This comment occurs in the Commission's discussion of the "buffer" increment. The Commission seems to have thought that the buffer disposed of this problem, but it does not. The carriers' submissions indicate that in recent years they have consistently deviated from the authorized return by far more than the buffer amount. See, e.g., Joint Appendix at 136-37. But the carriers do admit, as they must, that if the buffer were large enough for a "careful carrier . . . invariably [to] meet the target, this would be a different case." Tr. at 19.
The peaks-and-valleys problem also exists, of course, not merely in the long run but for each two-year period for which the Commission sets a target rate of return. A carrier with profitable and unprofitable business segments may easily find that making refunds on the profitable segments means that it earns less than the required minimum rate of return on its overall operations. The carriers' submissions to this court demonstrate that such an outcome is not at all unlikely. See Brief of Petitioner AT T at 28 n. 33; Reply Brief for the Named Petitioners and Intervenors at 11; Tr. at 22. Indeed, the Commission itself acknowledged that requiring refunds by business segment "may prevent a carrier from earning its overall authorized return" within a single two-year period. 50 Fed.Reg. at 41,353.
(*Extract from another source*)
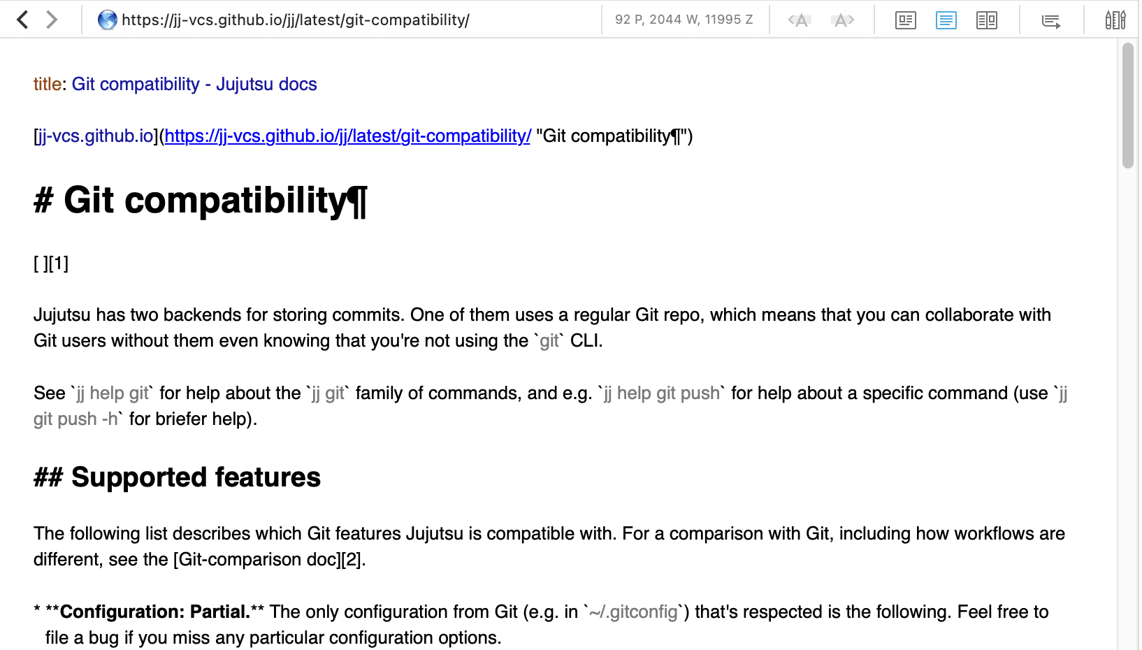 When I clip the webpage Git compatibility - Jujutsu docs as Markdown with the “Clip to DEVONthink” extension from Safari or from Firefox to DEVONthink 4, always an (empty) webarchive arrives in DEVONthink.

The Commission also stated that the impact of the refund rule on the carriers would be blunted by each carrier's ability to adjust its rates during the two-year period if it believes that its earnings will miss the target. See 50 Fed.Reg. at 41,353. But the Commission has refused to say whether it will accept corrective rate filings that incorporate a return higher than the target, see Brief of Respondent at 33 n. 45, which is the filing that a carrier whose earnings fell short of the target during the first year of the period would have to make. Even apart from the practical barriers to making corrective adjustments, see Tr. at 18-19, we will not rely on the ability to adjust when the Commission itself refuses to say whether it would permit all the adjustments that carriers would need to make.
Finally, we have seen that the Commission defines the target return it prescribes as a return that, if exceeded, would tilt the investor-consumer balance in the investors' favor and result in unjust and unreasonable prices for consumers. See, e.g., AT T, 86 F.C.C.2d at 223. And it is undisputed that carriers must set their rates by reference to the prescribed return. But in its promulgation of the refund rule, the Commission rejected a suggestion that it eliminate any buffer and simply require the refund of all carrier earnings that exceed the target by saying that earnings within the buffer but above the target need not be refunded because "a target return is in reality a point within a zone of reasonableness. Returns that slightly exceed such a target have never been and should not be deemed unjust." 50 Fed.Reg. at 41,355. This statement contradicts the Commission's later explicit statement at oral argument before this court, and the Commission's prior statements, that the prescribed rate of return represents at once both the carrier's minimum and maximum necessary return. For this reason alone, we are constrained to invalidate the refund rule.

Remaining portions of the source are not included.